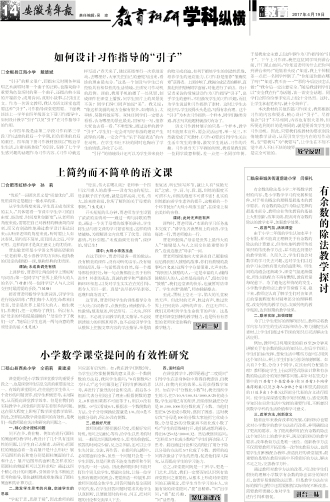 讲台三味 有余数的除法教学探讨 □临泉县城关街道前进小学 闫振礼 有余数的除法是小学二年级数学教材的内容,是小学数学学习的发展和延伸,对于相关概念的理解是最基本的教学要求。有余数的除法作为除法笔算的最基本部分,教师应在传统教育的基础上大胆创新,改革突破,提高对有余数的除法的教学水平,加强教学效果。 一、改善气氛,活跃课堂 由于小学二年级的学生认知水平十分有限,并不能真正理解关于有余数的除法的计算意义,但单纯地听教师传授知识的传统教学方法,并不能达到很好的教学效果。久而久之,学生们也会对数学的学习失去兴趣,这对学生们以后的学习主动性有很大的负面影响。师生间的沟通会逐渐减少,课堂气氛逐渐僵化,师生间的配合不再有默契,教育质量每况愈下。为了避免这种情况的发生,小学数学教师应让教学节奏慢下来、稳下来,教师应认真了解学生们对该知识点的掌握程度和对疑难部分的理解程度,改变传统的教学方法,突破传统的教学瓶颈,达到预期的教学效果。 二、联系实际,加强理解 为了让学生更好的理解知识点,教师应将教学内容与学生的生活实际相结合,努力捕捉生活素材,让学生们通过本节课的知识点灵活解决生活应用。 例如,教师可以利用课堂的前15至20分钟来讲解关于有余数的除法的知识点,在后半节课让学生们自由发挥,想象生活中哪些方面可以用到这个知识点,并让学生们自己创设情境解题。如共有7个梨,分给3个同学,应该如何分配最合理?教师指定学生上台运用竖式除法计算和有余数的除法部分的知识解答问题,并针对在竖式计算中的7(共有7个梨需要分)和3(共有3个同学要得到梨)以及2(每人分配2个梨)和竖式最底部的1(还多出1个梨)这四部分代表的含义进行提问。使学生深深感受数学知识的魅力,感受到数学知识在日常生活中发挥的重要作用,不断意识到数学学科的生活价值和学习意义。 三、改革方法,创新意义 随着近年来教育改革的发展,《新课标》也要求对小学数学的教学方法进行改革,并明确提出了更高的要求。为了提高教师们在有余数的除法这个知识点上的教学水平,满足《新课标》的教学要求,改革教育方法是唯一途径。创新教学方法不仅需要教师开拓思维一改传统教育方法,也需要学生们积极配合教师,营造良好的课堂氛围,最重要的是要在教育实践中多摸索好的方法,解决不足之处,完善教学方针。 通过教师对教学方法的改革,可以使学生们很快的理解小学数学有余数的除法部分的知识点,也更容易掌握除法运算。但是教学方法在实际的操作过程中还需要根据实际情况不断改善,需要教师更耐心地对学生进行引导和督促。
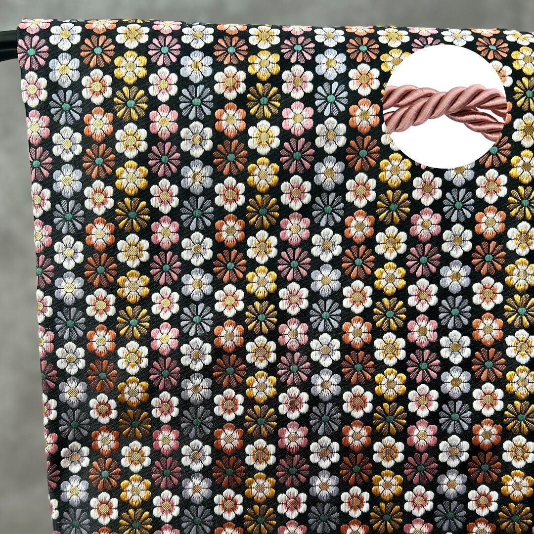 お花ひとつ分の直径は約1.8cmと小ぶりで、繊細な織り模様が生地全体に広がっています。
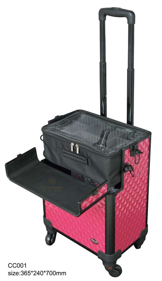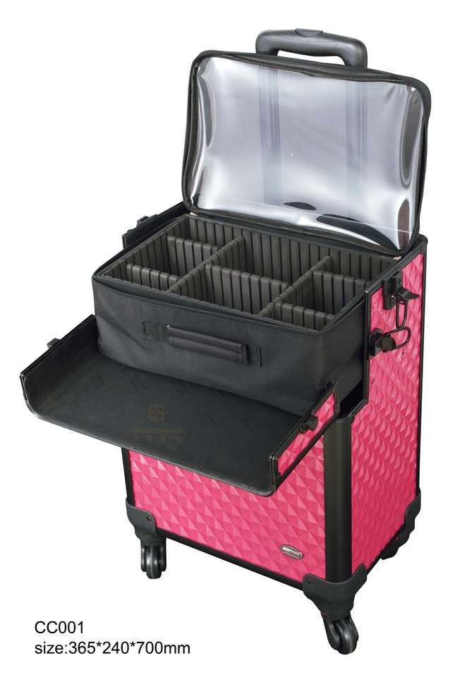 Valise de Maquillage à Roulettes Grande Capacité Style Tendance pour Cosmétiques, Ongles, Tatouages et Manucure, avec Diamants
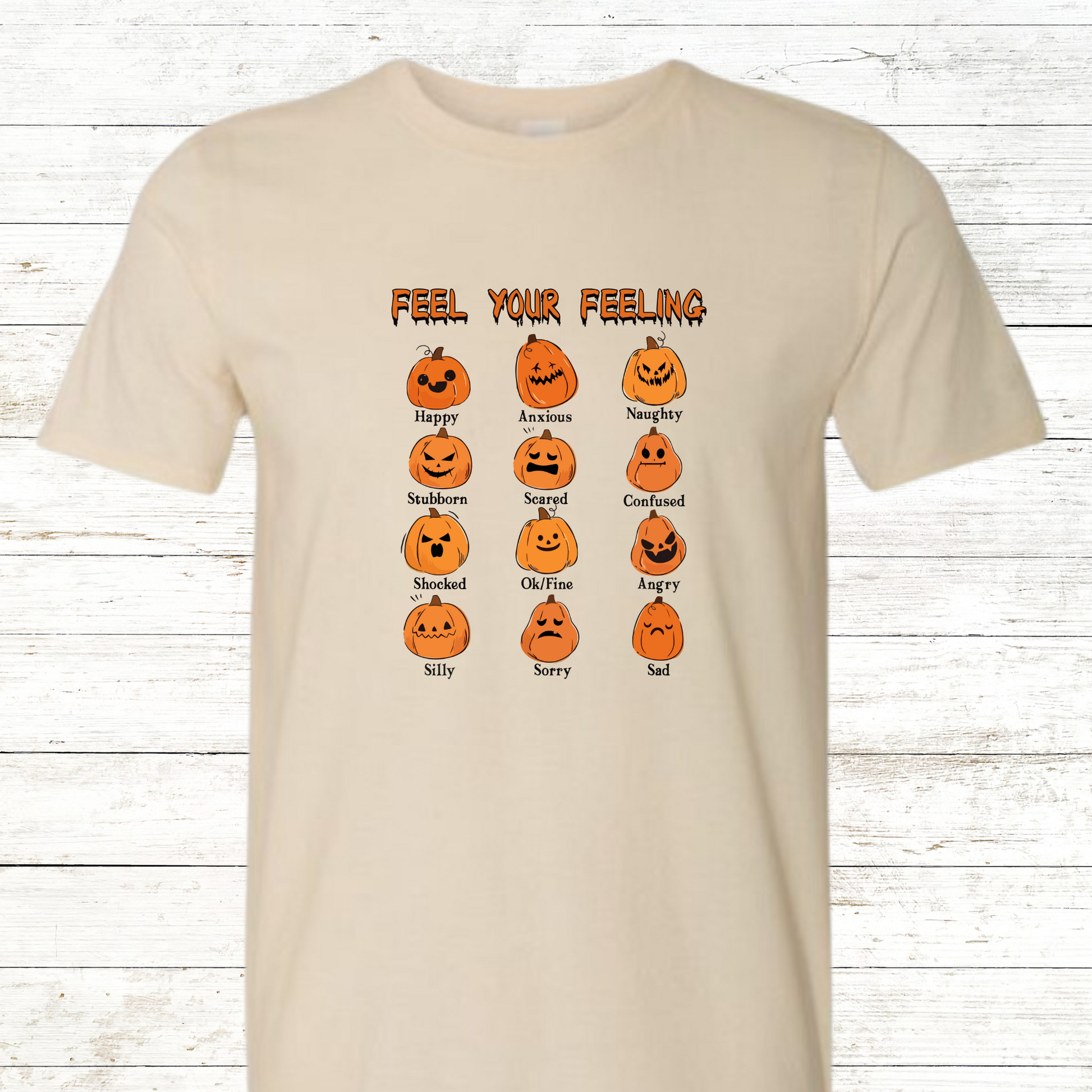 Introducing the "Feel Your Feelings" Collection – a whimsical and expressive design featuring jack-o'-lanterns with different emotions. Perfect for embracing the Halloween spirit while promoting emotional awareness, this exclusive design is available in both tees and sweatshirts, offering comfort and style.
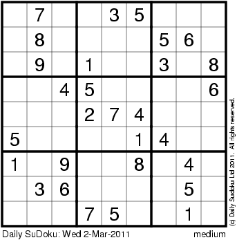 The Daily SuDoku: Wed 2-Mar-2011
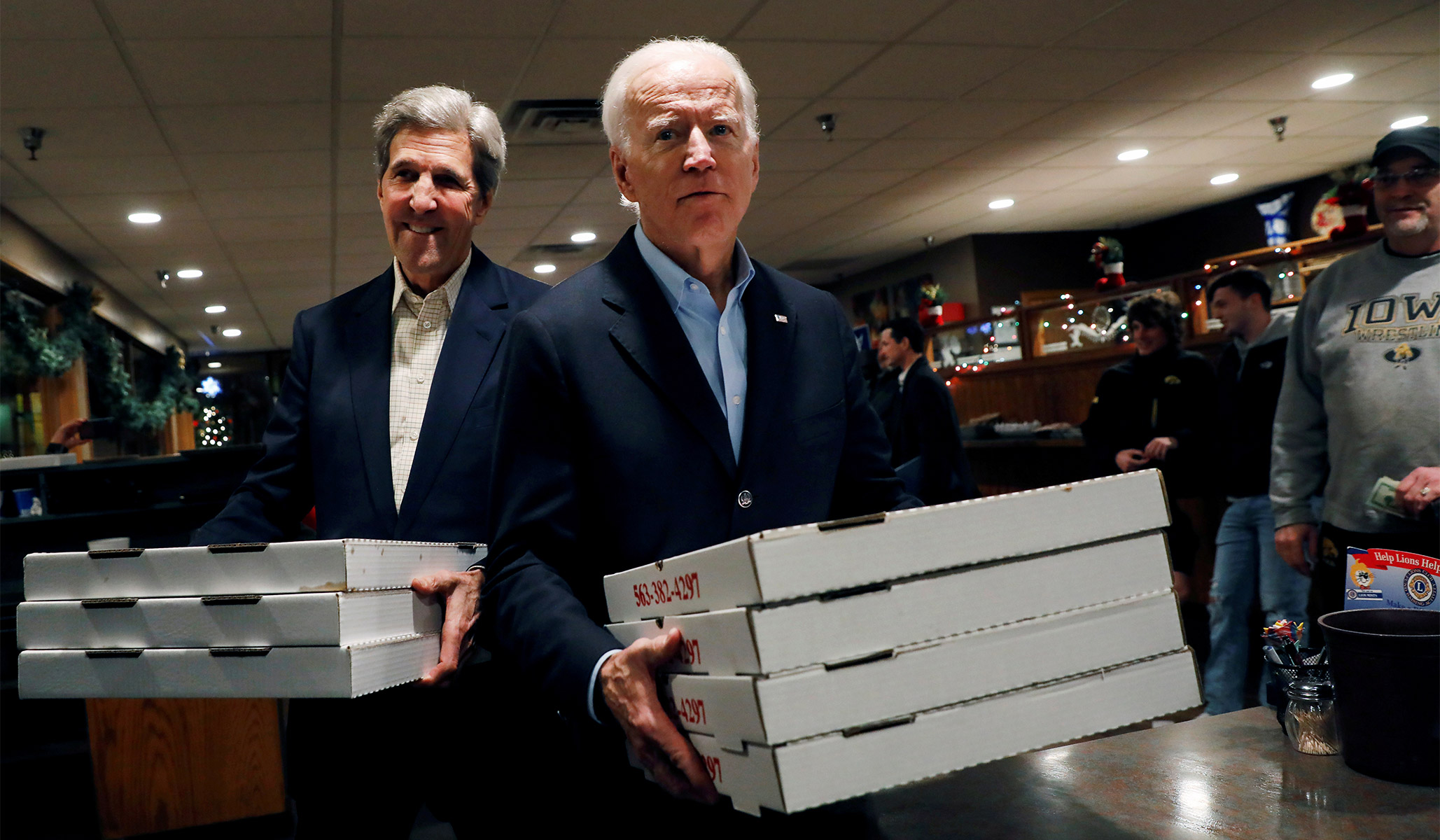 Former Vice President Joe Biden (right) and former Democratic presidential nominee John Kerry carry pizza boxes after an event on Biden’s “No Malarkey!” campaign bus tour in Decorah, Iowa, December 6, 2019. (Shannon Stapleton/Reuters)
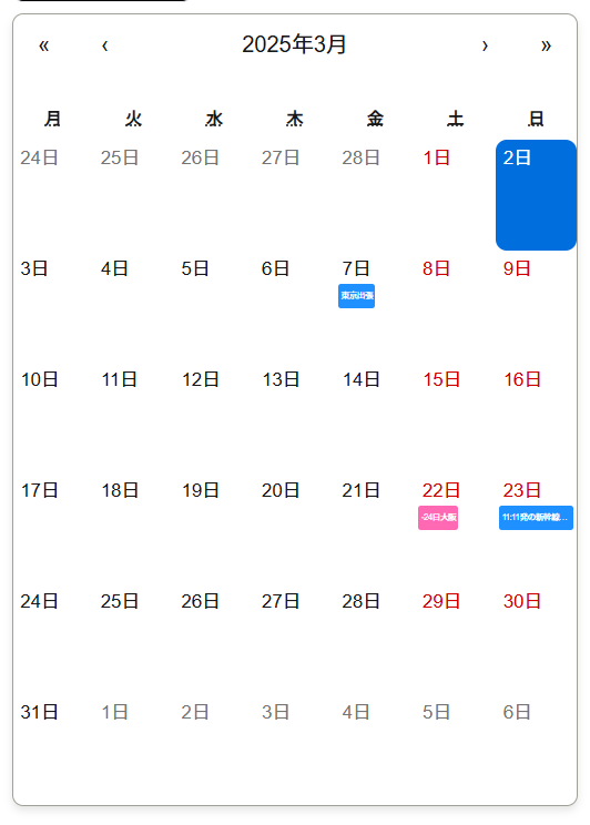 でも、カレンダーアプリを作りたい! !などのカレンダーの機能性を重視している場合はfullcalendarも候補に挙がってくるかなと思います!
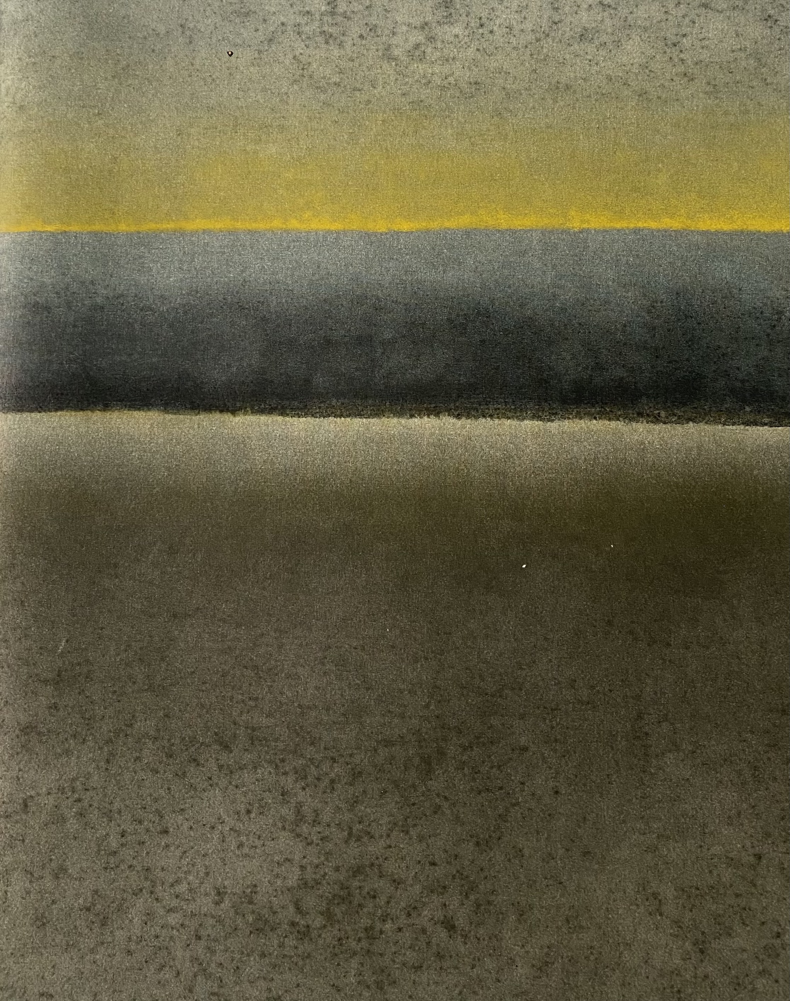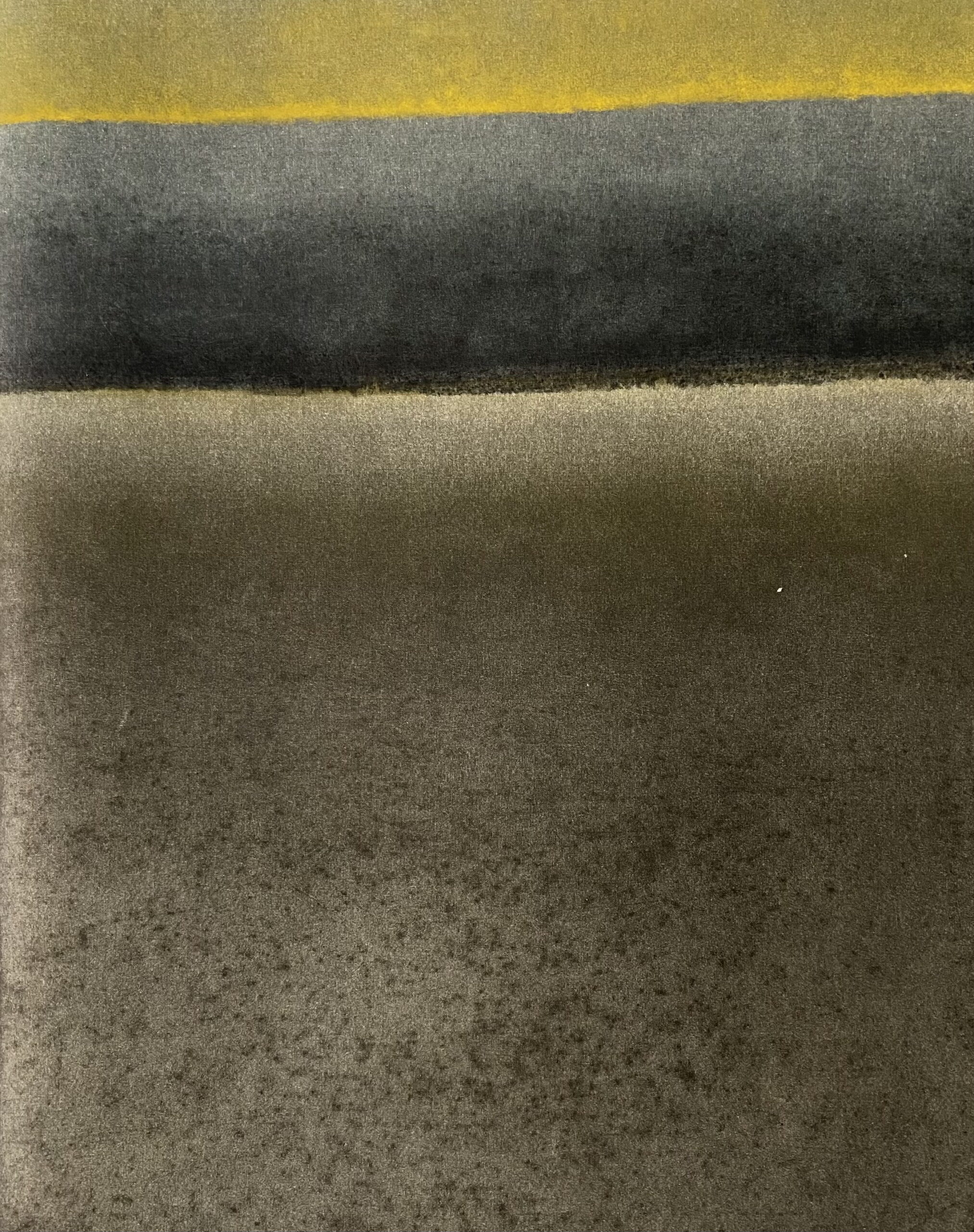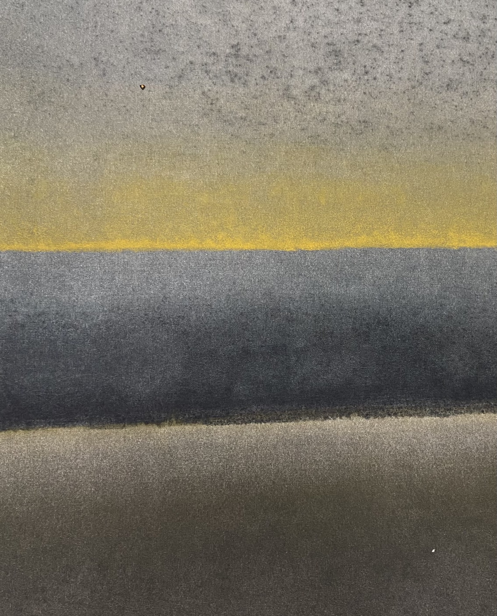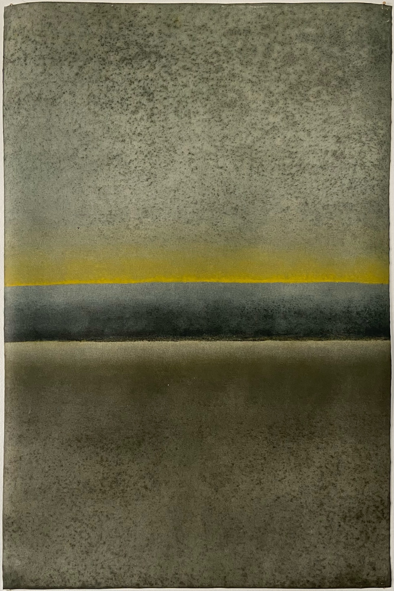 Untitled XXIX is a oil on canvas painting by the French contemporary artist, Ferle. This painting is created mainly with yellow, grey and green hues. Blending gradients with horizontal lines, this abstract piece captivates with the depth of its colors.
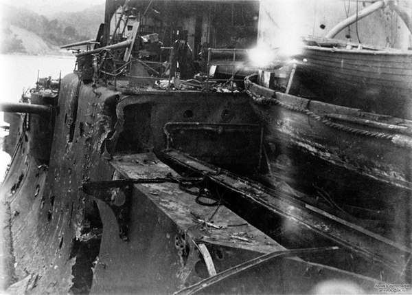 Эскадренный броненосец «Орел» после Цусимы, 1905 год. В сражении получил от 76 до 140 попаданий. Был восстановлен и модернизирован японцами и вступил в строй Императорского флота Японии под названием «Ивами»
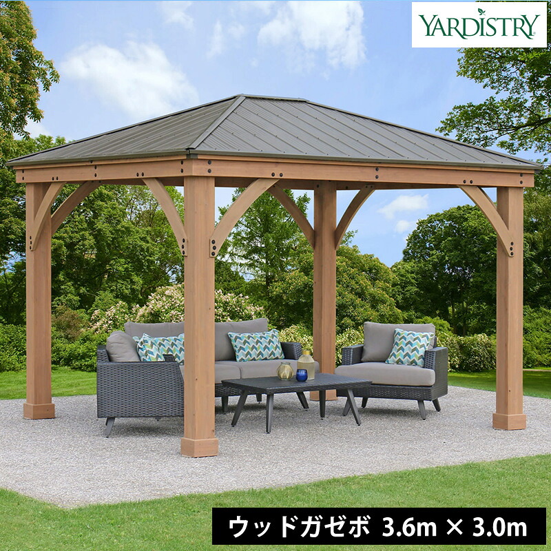 ■Yardistry ヤーディストリー ウッドガゼボ アルミ屋根12×10フィート約3.6×3.0m 木製 ガゼボ 東屋 パーゴラ 屋外 大型 日よけ 雨よけ 庭
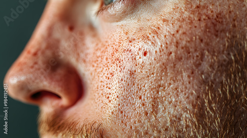 Close up face of young man suffering from problem skin. Acne, rosacea, dry skin. Dermatology concept
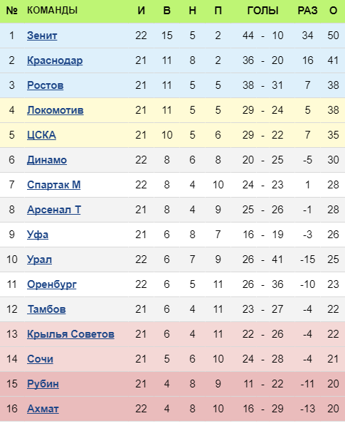 На текущий момент три игры 22-го тура РПЛ уже сыграны, таблица чемпионата выглядит следующим образом:
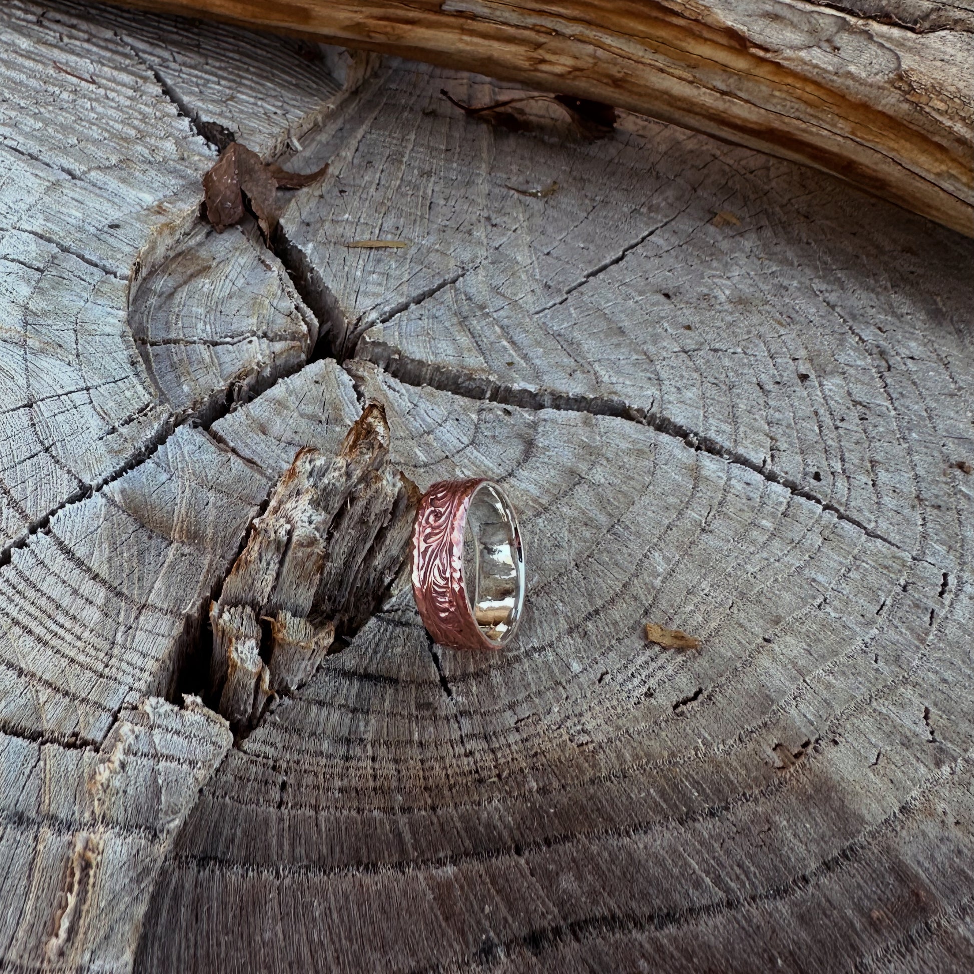 This 2-tone, copper/silver engraved ring brings that something special to your life. Designed with delicate engraving and can be customized with that little something special. Made to order.

◆ Prompt
Your reply should consist solely of the lines above from the line containing "でも、カレンダーアプリを作り" up to and including the line containing "На текущий момент", reproduced exactly, minus the pictures.

◆ Answer for this exercise
 でも、カレンダーアプリを作りたい! !などのカレンダーの機能性を重視している場合はfullcalendarも候補に挙がってくるかなと思います!
 Untitled XXIX is a oil on canvas painting by the French contemporary artist, Ferle. This painting is created mainly with yellow, grey and green hues. Blending gradients with horizontal lines, this abstract piece captivates with the depth of its colors.
 Эскадренный броненосец «Орел» после Цусимы, 1905 год. В сражении получил от 76 до 140 попаданий. Был восстановлен и модернизирован японцами и вступил в строй Императорского флота Японии под названием «Ивами»
 ■Yardistry ヤーディストリー ウッドガゼボ アルミ屋根12×10フィート約3.6×3.0m 木製 ガゼボ 東屋 パーゴラ 屋外 大型 日よけ 雨よけ 庭
 Close up face of young man suffering from problem skin. Acne, rosacea, dry skin. Dermatology concept
 На текущий момент три игры 22-го тура РПЛ уже сыграны, таблица чемпионата выглядит следующим образом:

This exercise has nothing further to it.